● **DATA PROVIDED**
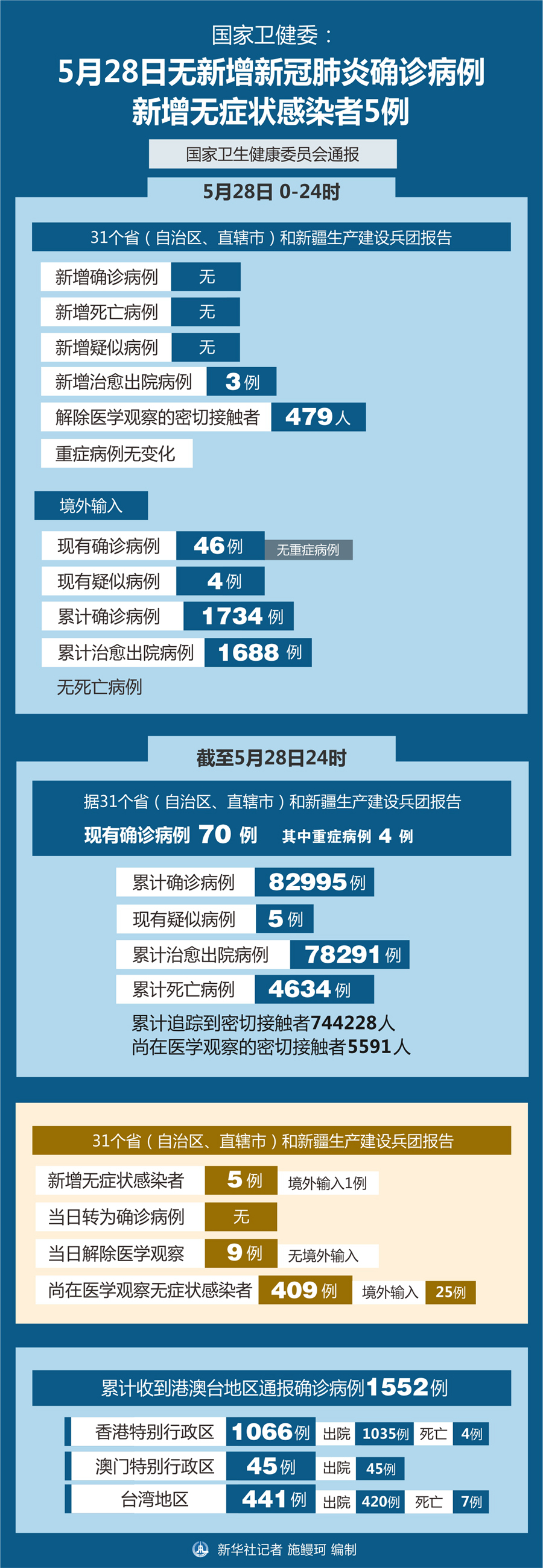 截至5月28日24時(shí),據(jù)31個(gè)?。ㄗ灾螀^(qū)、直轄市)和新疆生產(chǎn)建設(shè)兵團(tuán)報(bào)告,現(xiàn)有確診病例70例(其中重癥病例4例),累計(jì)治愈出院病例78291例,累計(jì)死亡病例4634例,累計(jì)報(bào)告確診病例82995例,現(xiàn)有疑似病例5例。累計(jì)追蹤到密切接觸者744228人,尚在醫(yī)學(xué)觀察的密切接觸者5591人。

---

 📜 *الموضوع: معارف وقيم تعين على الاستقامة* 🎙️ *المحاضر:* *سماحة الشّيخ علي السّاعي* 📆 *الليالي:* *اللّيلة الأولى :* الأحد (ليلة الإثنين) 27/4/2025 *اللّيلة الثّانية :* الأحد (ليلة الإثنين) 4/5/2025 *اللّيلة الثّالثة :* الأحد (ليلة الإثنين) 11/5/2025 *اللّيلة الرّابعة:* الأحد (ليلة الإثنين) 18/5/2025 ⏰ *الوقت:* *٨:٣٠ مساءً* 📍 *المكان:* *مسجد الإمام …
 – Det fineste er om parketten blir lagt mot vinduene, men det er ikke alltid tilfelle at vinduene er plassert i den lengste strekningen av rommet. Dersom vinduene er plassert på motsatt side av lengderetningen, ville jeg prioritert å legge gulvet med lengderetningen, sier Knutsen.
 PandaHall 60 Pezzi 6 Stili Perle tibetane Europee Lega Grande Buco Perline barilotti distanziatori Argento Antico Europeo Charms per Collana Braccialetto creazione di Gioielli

...

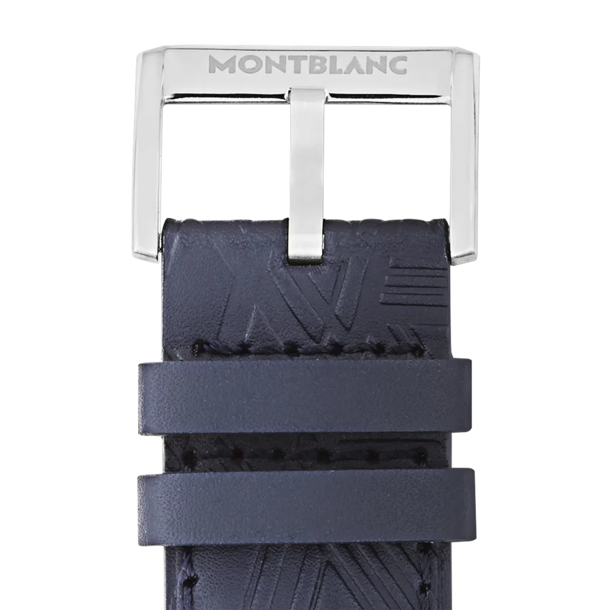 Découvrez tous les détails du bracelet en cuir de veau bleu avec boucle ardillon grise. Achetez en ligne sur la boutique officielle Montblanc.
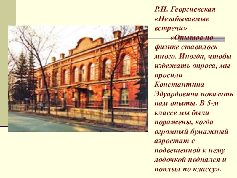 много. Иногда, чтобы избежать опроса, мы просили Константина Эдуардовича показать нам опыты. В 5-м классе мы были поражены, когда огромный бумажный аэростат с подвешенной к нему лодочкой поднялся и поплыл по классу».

● **EXERCISE DESCRIPTION**
With the line holding "lengderetningen, sier Knutsen." as the first and the line holding "PandaHall 60 Pezzi" as the last, please transcribe exactly the lines of the material above in that range and nothing else.

● **EXERCISE ANSWER**
 – Det fineste er om parketten blir lagt mot vinduene, men det er ikke alltid tilfelle at vinduene er plassert i den lengste strekningen av rommet. Dersom vinduene er plassert på motsatt side av lengderetningen, ville jeg prioritert å legge gulvet med lengderetningen, sier Knutsen.
 PandaHall 60 Pezzi 6 Stili Perle tibetane Europee Lega Grande Buco Perline barilotti distanziatori Argento Antico Europeo Charms per Collana Braccialetto creazione di Gioielli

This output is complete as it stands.